Ma later confirmed Wu had consulted with him in April last year about the possibility of his taking over the party chairmanship shortly after he won the presidential election, but he had not thought it would be necessary to double as party chairman.
Wu mentioned the issue again last September and the two agreed to discuss it this month.
Ma yesterday denied that the lack of cooperation between the party and the government prompted him to change his mind, and reiterated that taking over the chairmanship would help the government function more smoothly.
When asked to comment on his previous opposition to the idea of the president doubling as party chairman, Ma said no laws banned the president from doing so.
“I thought it would be unnecessary [to double as KMT chairman] when I took office last year, but I now believe that the party and the government should fully cooperate as we have faced various challenges over the past year,” Ma said.
As to the forum between the KMT and the Chinese Communist Party, Ma declined to confirm whether he would attend and meet Chinese President Hu Jintao (胡錦濤) in his capacity as KMT chairman.
The KMT chairman election is scheduled for July 26 and the new chairman will formally take over the position on Sept. 12.
KMT caucus deputy secretary-general Lu Hsueh-chang (呂學樟) said yesterday the party should still complete its democratic procedures to elect its next chairman. Another caucus deputy secretary-general, John Wu (吳志揚), son of Wu Poh-hsiung, said his father was glad to hand over the position to the president.
KMT Legislator Lo Shu-lei (羅淑蕾) held a different view, expressing concern about the impact of Ma’s decision. Now the president would enjoy absolute power and no one would be able to influence his decisions, she said.
“He can do whatever he wants,” Lo said. “No one can control him anyway. He now becomes the most powerful person in Taiwan.”
At a separate setting yesterday, Democratic Progressive Party (DPP) Chairperson Tsai Ing-wen (蔡英文) said that after Ma becomes KMT chairman, Taiwan’s democratic system would be in danger because the system of checks and balances would totally lose efficacy.

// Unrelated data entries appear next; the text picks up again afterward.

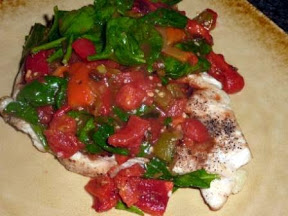 In a large sauce pan over medium high heat, saute onions and garlic for 1 minute. Add lime juice, green chilis, tomatoes, fire roasted peppers, seasonings and cook for about 5 minutes. Add spinach and cook until just wilted. Serve over chicken.
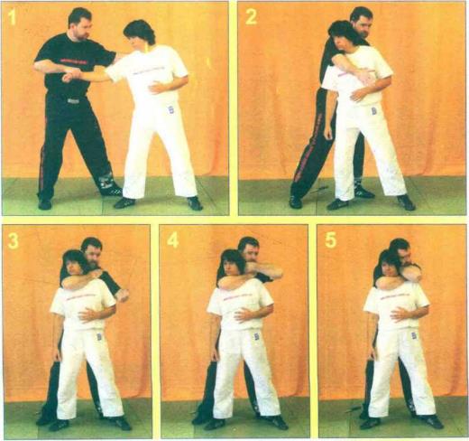 3 自卫者继续用右手向前拉攻击者的手臂并将身体移至攻击者的身后。
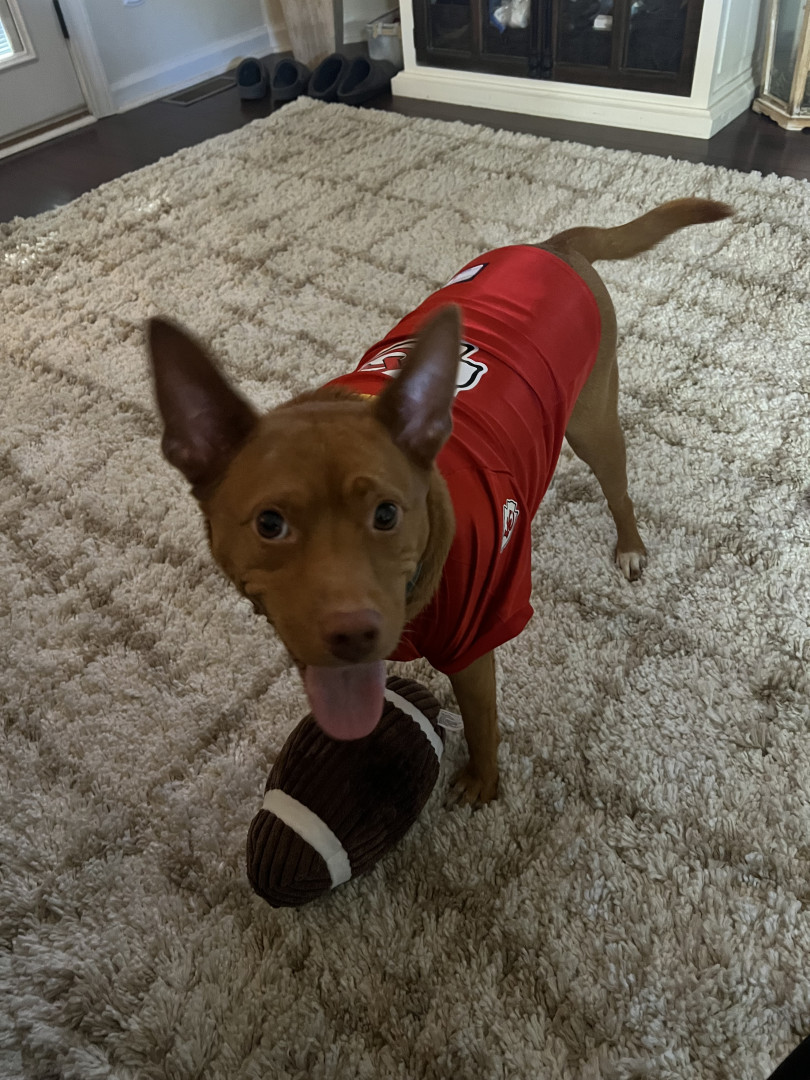 Scooby’s most unique quality is how loyal and respectful he is. He doesn’t chew up anything, he’ll snuggle at any chance he can get, he just loves to be by our sides whatever we do. He’s also a big sports fan. He loves to watch the tv whenever football or basketball is on. Especially nfl, Carolina tarheel basketball, and wnba. He’s learned who the good players are in the wnba.
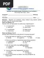 Pangkalahatang Panuto: Basahing mabuti intindihan ang bawat direksiyon . Lapis lamang ang gagamiti. Dapat
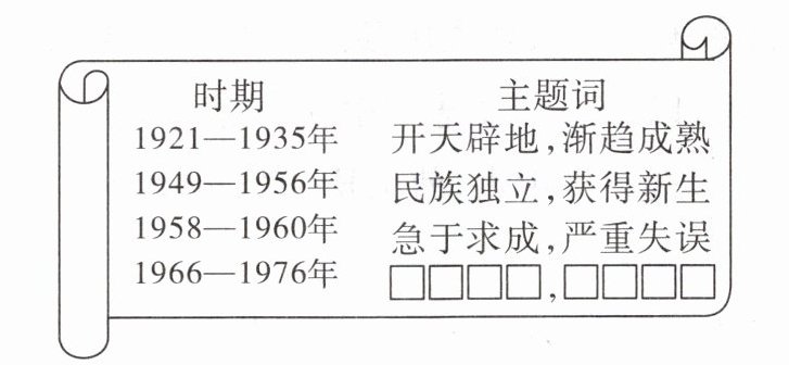 8. 如图是小明同学制作的中国近现代史不同时期的时代特征卡片,其中“□□□□”内应填入的内容是(
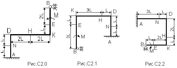 Задача С2 Рама, состоящая из двух абсолютно твердых ломаных стержней, соединенных между собой шарниром, (рис. С2.0 – С2.9, табл. С2) закреплена в точке А жесткой заделкой, а в точке В прикреплена к шарнирной опоре на катках. Положение шарнира указано в табл.С2. На раму действуют: пара сил с моментом М=100 Н×м и сила, значение, направление и точка приложения которой указаны в таблице (например, в условиях № 1 на раму действует сила F1 = 10 Н под углом 30° к горизонтальной оси, приложенная в точке D), а также распределенная нагрузка интенсивностью q=20 Н/м, приложенная на участке, указанном в таблице. Если распределенная нагрузка приложена на горизонтальном участке, то она действует вниз, а если на вертикальном, то вправо. Определить реакции связей в точках А и В, вызываемые заданными нагрузками, а также реакцию внутренней связи. При окончательных подсчетах принять L =0,5 м. Указания. Задача С2 - на равновесие составных конструкций под действием плоской системы сил. Для определения всех силовых факторов в заделке и реакций шарнирной опоры и внутренней связи необходимо рассмотреть равновесие каждого тела, из которых состоит рама, отдельно, учитывая, что силы взаимодействия между телами равны по величине и противоположны по направлению.

Only referendums would remain to check Ma’s power, she said.
DPP Legislator Chai Trong-rong (蔡同榮) said the spirit of democracy lies in the division of power, but Ma wants to control the government, the military, the intelligence, the party and the legislature, “and become a dictator of the country.”
Former vice president Annette Lu (呂秀蓮) also voiced her concern, saying that these are signs of Ma’s intention to gain more control over politics and move Taiwan closer to unification with China via the KMT-CCP exchange platform.
“Once Ma becomes the [KMT] chairman, he will have the power to nominate candidates for the year-end local government head elections, as well as for the next legislative election,” Lu said. “With nomination power, all KMT politicians who seek to run in elections — including those who would often disagree with Ma — will have to listen to him.”